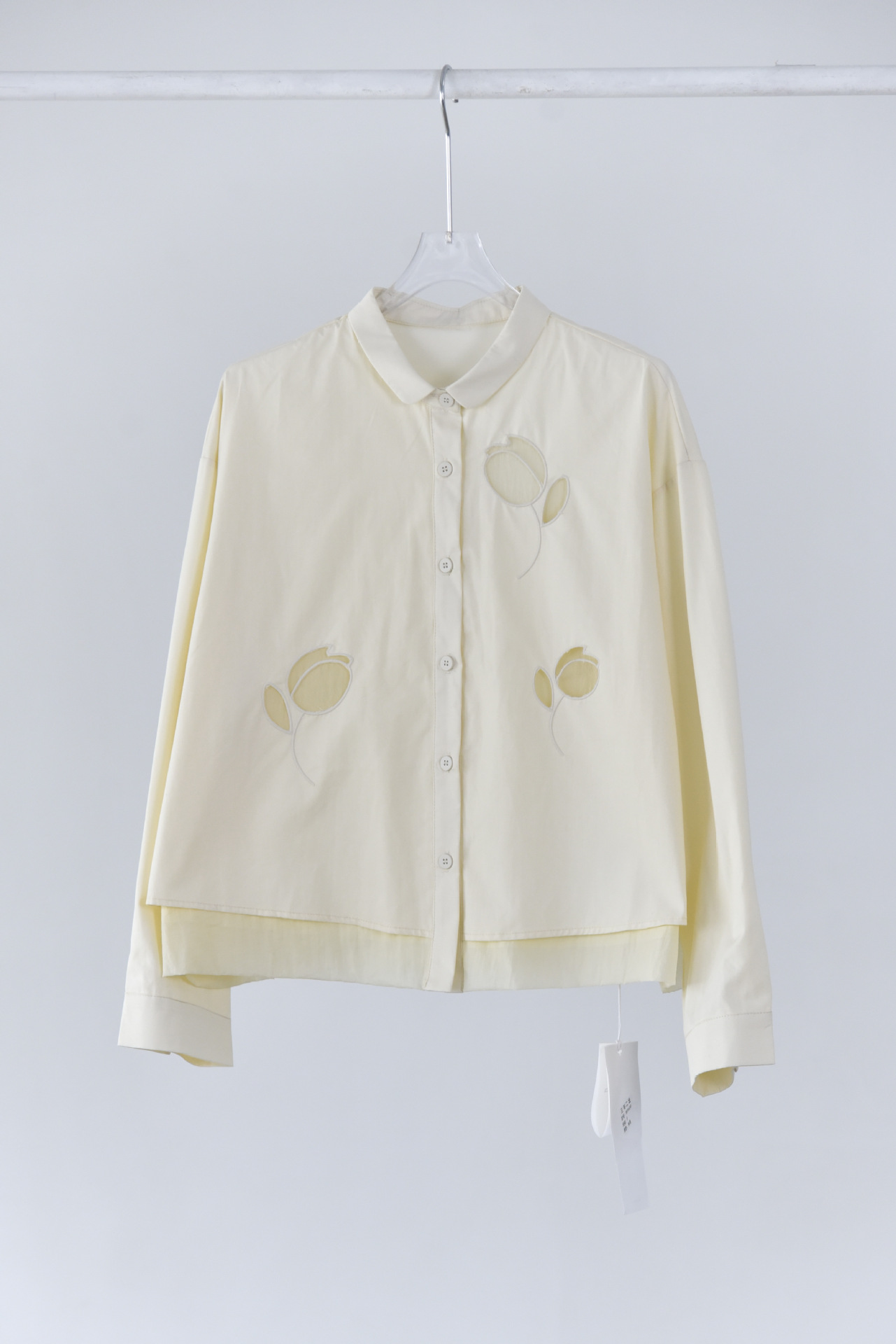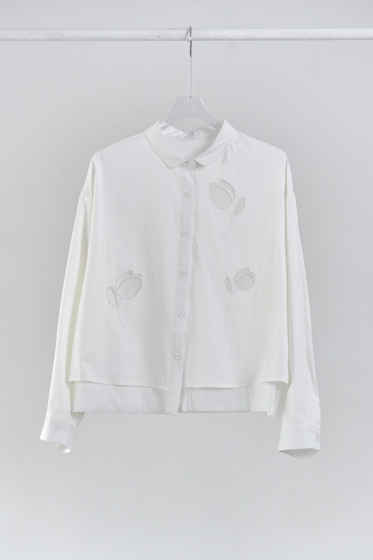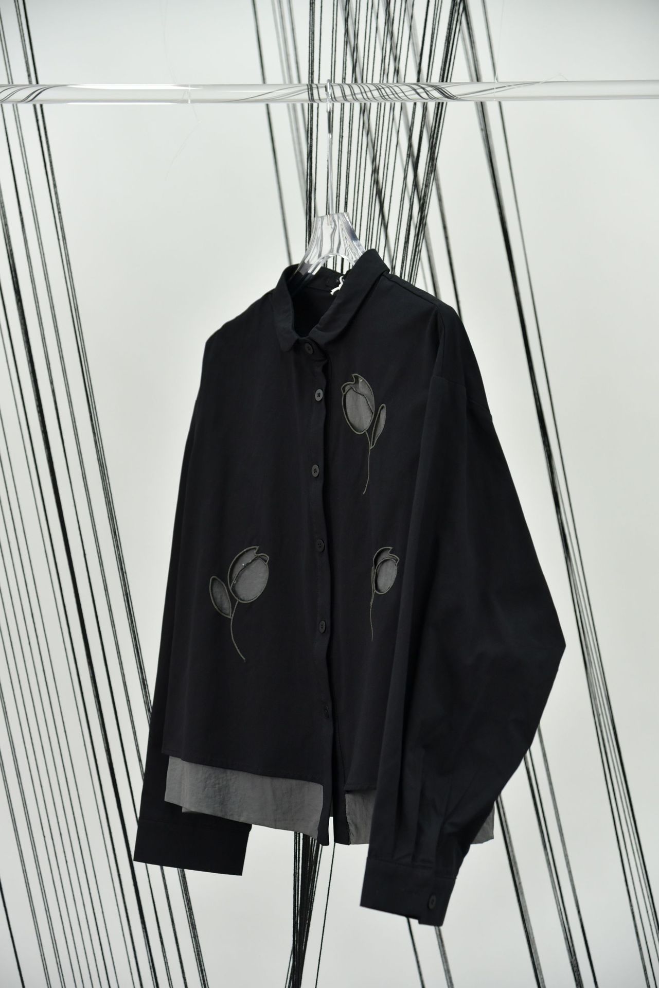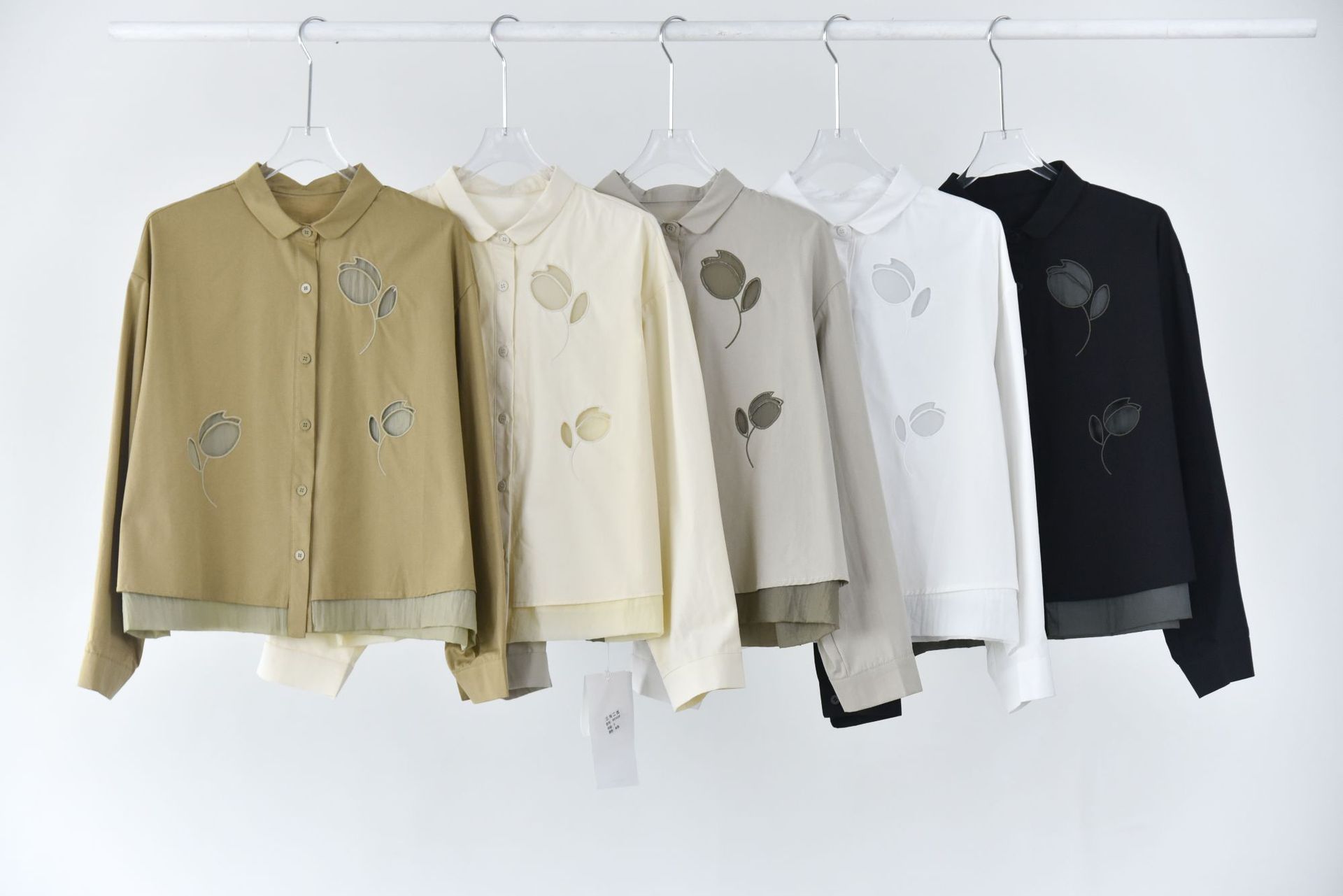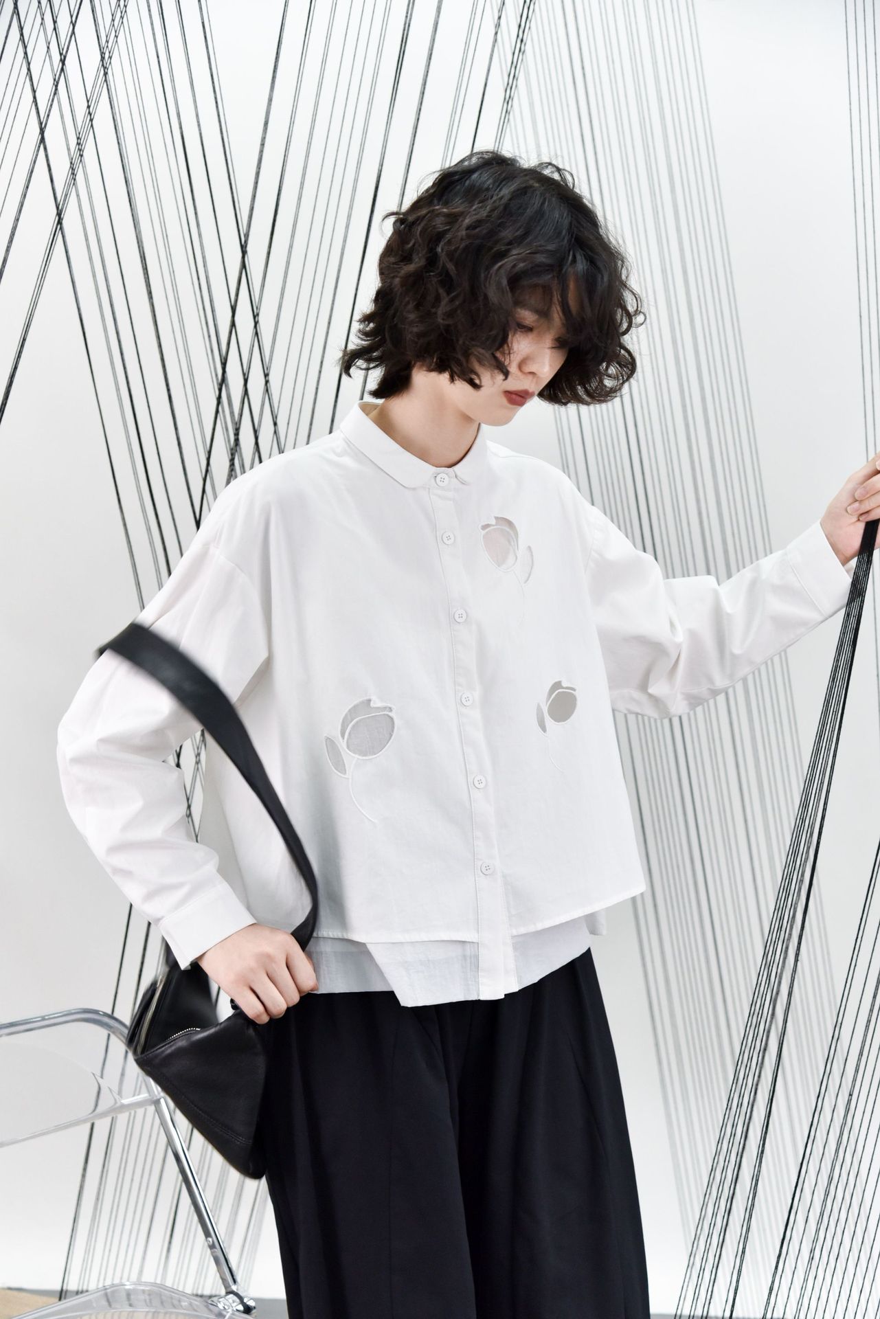 3 과 2 아웃 // 이른 가을 복고풍 더블 중공 튤립 디자인 가을 새로운 옷깃 긴 소매 셔츠
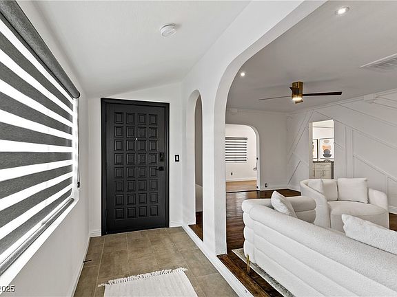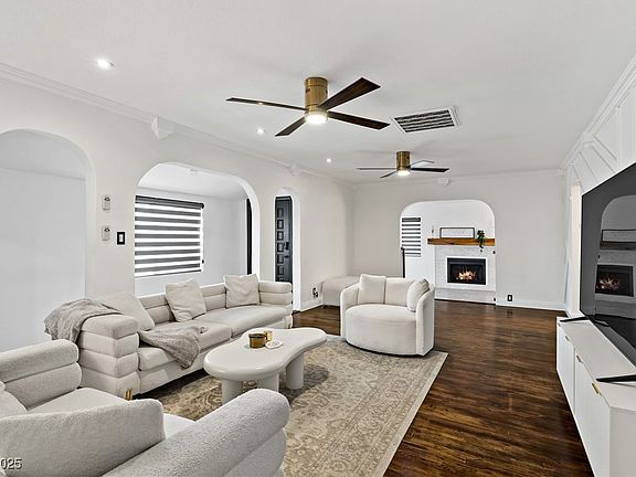 Experience the best of both worlds in this beautifully renovated mid-century modern jewel that is in the heart of old-school Las Vegas. This 1-story, 4BD/2BA home sits on a large 8,276 SF lot w/RV parking & no HOA. It features stunning hardwood & tile floors for solid flooring throughout the entire home. An updated kitchen w/S/S appliances, custom backsplash & hard-surface granite counters. Enjoy the arched architecture in the living room with abundant natural light. The cozy fireplace and mantle in the family room & elegantly tiled showers in both baths. Every detail has been thoughtfully upgraded, incl. plumbing. The backyard is a true retreat w/desert landscaping, mature cacti, built-in outdoor kitchen, firepit, putting green & RV gate w/alley access. This one-of-a-kind home blends classic Vegas charm w/modern comfort. Join us this Saturday, 10/25/25 from 11 AM–1 PM for some yummy baked goods and beverages & a tour of this exquisite home. You won’t want to miss it. See you there!
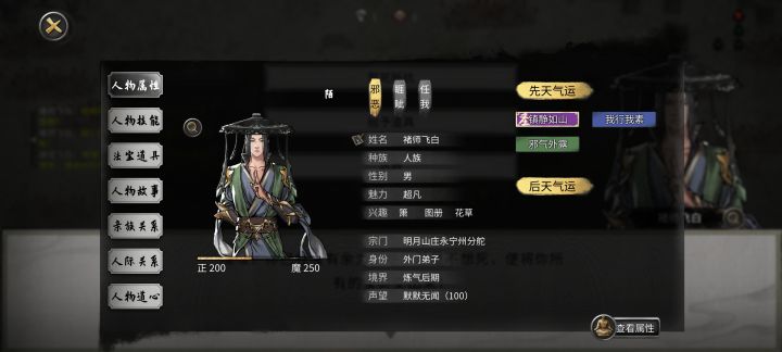 开始前准备,插件全开,选择洪荒模式,NPC数量较多(更好的刷到厉害的NPC) 先天气运必备:阴阳眼、大能转世 性格推荐:忠贞(好结道侣),传承(好拜师),中庸(对所有人都一样) 剑,风灵根资质尽量高(节省SL灵果时间) 神器选择:双鱼佩 1.进游戏先确认阴阳眼是否能正常触发(保证后续镇妖魂能正常触发,触发了其他的魂要回档,确保镇妖魂能稳定触发两次) 2.零步大法(走完零天的步数后保存,
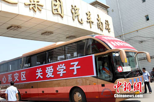 30日上午,第三批轉運的26輛旅游大巴從舟曲運載1056名學生和老師60名,行至蘭州后仍安置在蘭州科技外語學校、甘肅省銀行學校和財政學校。
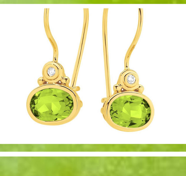 9ct yellow gold Peridot & Diamond shepherd hook earrings. Featuring two 7 x 5mm oval Peridot with total diamond weight 0.03ct bezel set Diamonds (JKL SI3).

——

■ WORK REQUEST: The line containing "30日上午,第三批轉運的26" and every line after it, through the end of the material above, are to be printed exactly; no pictures belong in the output.

■ RESPONSE AREA:
 30日上午,第三批轉運的26輛旅游大巴從舟曲運載1056名學生和老師60名,行至蘭州后仍安置在蘭州科技外語學校、甘肅省銀行學校和財政學校。
 9ct yellow gold Peridot & Diamond shepherd hook earrings. Featuring two 7 x 5mm oval Peridot with total diamond weight 0.03ct bezel set Diamonds (JKL SI3).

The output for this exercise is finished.